Periodic Reporting for period 4 - Age Asymmetry (Age-Selective Segregation of Organelles)

Período documentado: 2020-11-01 hasta 2021-04-30

Young tissues are effectively renewed and can regenerate after considerable damage. However, as we age, the function of tissue resident stem cells, so-called adult stem cells, decreases and results in reduced regenerative capacity. This slows down recovery from accidents, limits dosing of standard of care drugs such as chemotherapeutics, and will eventually result in the functional decline of all organs and in onset of most age-associated diseases. Strategies maintaining or boosting stem cell capacity of tissue stem cells could therefore have major impact by countering aging-associated vulnerabilities.
In order to undertake their tissue renewing task, stem cells must undergo cell divisions and produce daughter cells that differentiate to the functional cells of the given tissue, and daughter cells that remain as self-renewing stem cells ensuring future tissue renewal. Some stem cells divide asymmetrically to produce these two daughter cells in on division. However, what cellular material is asymmetrically apportioned in such divisions has not been systematically studied, and focus has been on quantitatively asymmetric inheritance of transcription factors. However, we discovered that mitochondria - the organelles central to the cellular metabolism - are segregated qualitatively and age-selectively between daughter cells in asymmetric cell divisions. In this project we study 1) how stem cells recognize the age of their organelles and segregate them age-selectively, 2) what other compartments besides mitochondria are age-selectively segregated, and 3) is age-selective inheritance of organelles lost during aging and can it be promoted to counter aging induced loss of stem cells.

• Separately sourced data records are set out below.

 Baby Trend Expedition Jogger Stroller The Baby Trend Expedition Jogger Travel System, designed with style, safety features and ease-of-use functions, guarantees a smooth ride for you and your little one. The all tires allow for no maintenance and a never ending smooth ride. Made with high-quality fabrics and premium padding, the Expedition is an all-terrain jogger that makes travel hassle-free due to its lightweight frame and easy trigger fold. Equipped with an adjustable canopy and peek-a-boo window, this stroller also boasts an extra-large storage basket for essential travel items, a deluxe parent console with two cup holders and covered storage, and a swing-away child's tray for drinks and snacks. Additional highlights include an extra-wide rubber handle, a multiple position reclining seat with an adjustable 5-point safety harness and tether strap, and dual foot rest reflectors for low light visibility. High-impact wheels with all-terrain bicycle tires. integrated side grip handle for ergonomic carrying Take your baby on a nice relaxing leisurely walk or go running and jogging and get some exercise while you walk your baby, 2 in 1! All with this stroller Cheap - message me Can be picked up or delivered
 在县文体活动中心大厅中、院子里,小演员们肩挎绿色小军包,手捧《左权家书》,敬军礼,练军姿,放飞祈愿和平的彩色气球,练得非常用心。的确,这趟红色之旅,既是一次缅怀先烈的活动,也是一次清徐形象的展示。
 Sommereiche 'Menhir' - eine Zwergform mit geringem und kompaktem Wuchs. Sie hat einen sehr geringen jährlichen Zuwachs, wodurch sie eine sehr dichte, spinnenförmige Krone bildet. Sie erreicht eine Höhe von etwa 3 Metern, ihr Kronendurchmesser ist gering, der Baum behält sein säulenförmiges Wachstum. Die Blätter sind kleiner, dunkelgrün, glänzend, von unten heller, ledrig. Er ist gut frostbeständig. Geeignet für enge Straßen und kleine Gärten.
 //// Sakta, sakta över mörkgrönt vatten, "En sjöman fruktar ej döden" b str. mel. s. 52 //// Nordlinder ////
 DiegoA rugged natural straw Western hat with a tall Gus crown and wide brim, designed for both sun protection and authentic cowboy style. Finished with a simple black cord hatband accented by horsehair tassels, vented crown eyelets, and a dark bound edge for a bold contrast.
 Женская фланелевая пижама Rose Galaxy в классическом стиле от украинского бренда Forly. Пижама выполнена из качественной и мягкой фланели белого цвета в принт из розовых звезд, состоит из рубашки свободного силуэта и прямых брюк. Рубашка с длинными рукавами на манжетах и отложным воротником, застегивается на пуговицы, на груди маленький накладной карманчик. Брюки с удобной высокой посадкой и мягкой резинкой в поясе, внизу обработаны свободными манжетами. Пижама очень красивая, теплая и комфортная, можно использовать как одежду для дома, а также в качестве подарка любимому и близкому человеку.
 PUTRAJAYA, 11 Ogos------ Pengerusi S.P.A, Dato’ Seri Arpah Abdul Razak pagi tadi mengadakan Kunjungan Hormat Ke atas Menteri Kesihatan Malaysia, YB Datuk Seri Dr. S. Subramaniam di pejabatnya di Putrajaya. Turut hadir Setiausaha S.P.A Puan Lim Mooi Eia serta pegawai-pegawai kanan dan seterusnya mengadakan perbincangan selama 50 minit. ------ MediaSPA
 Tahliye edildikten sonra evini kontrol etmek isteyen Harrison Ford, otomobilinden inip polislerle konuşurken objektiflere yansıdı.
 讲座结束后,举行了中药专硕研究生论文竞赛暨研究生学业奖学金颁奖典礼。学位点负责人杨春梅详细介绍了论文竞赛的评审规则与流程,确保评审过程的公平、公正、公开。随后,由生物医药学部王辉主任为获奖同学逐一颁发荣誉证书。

We have validated that certain stem cells indeed segregate mitochondria age-selectively. More importantly, by using novel techniques developed by this project, we have elucidated how old and young mitochondria differ. This has opened new avenues for us to study the mechanisms of physical segregation, but has also provided unexpected insights on the reasons why stem cells segregate their mitochondria asymmetrically. We have identified major differences between old and young mitochondria, and how their selective inheritance biases the new daughter cells immediately after cell division.
Second, by studying other cellular components, we have discovered that age-selective inheritance is not restricted to mitochondria. Interestingly, while stem cells inherit young mitochondria, they selectively enrich old subpopulation of some other organelles. We are currently analyzing how this opposing age-selective enrichment of various sub-cellular components impacts stem cell function.

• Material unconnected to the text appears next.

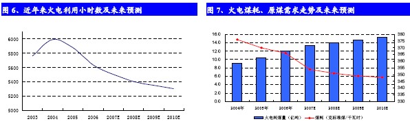 近年來火電利用小時數在2004年達到5991小時之后開始呈下降趨勢,隨著全國電力新增裝機容量的投產,這種趨勢還將保持一段時間,預計“十一五”期間新增裝機容量主要集中在2007和2008年投產,我們估計,2007年全國火電利用小時數將下降到5400左右,2010年進一步下降到5300小時左右。】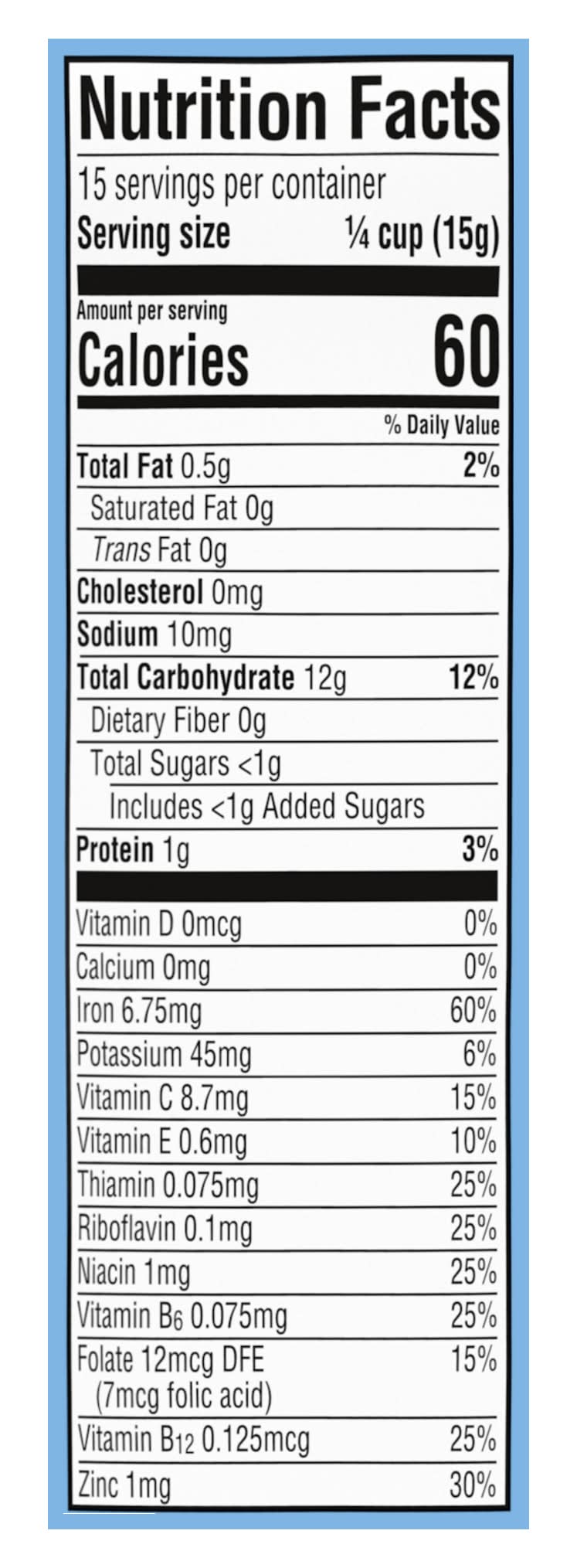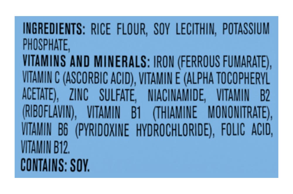 Ingredients: Rice Flour, Soy Lecithin, Potassium Phosphate. Vitamins and Minerals: Iron (Ferrous Fumarate), Vitamin C (Ascorbic Acid), Vitamin E (Alpha Tocopheryl Acetate), Zinc Sulfate, Niacinamide, Vitamin B2 (Riboflavin), Vitamin B1 (Thiamine Mononitrate), Vitamin B6 (Pyridoxine Hydrochloride), Folic Acid, Vitamin B12 Contains: Soybeans

Finally, we have generated mouse models that will allow us to address which tissue stem cells segregate organelles age-selective, and whether this novel phenomenon is altered during normal aging and various regenerative programs.
This project started on the basis of an unpublished finding and phenomenon (now published: Katajisto et al., Science 2015). We have now developed novel methods allowing, for the first time, age-selective analysis of subcellular compartments such as organelles in living tissues. Beyond the goals of this project, our approaches revealed an unexpected way cellular fate is determined after division. This fate determination is central to tissue renewal maintaining our tissues throughout life, and by the tools discovered in this project, we aim to develop strategies to promote tissue repair and recovery in the elderly.
Live microscopy of cells 48 hours after mitochondrial Snap-labelling.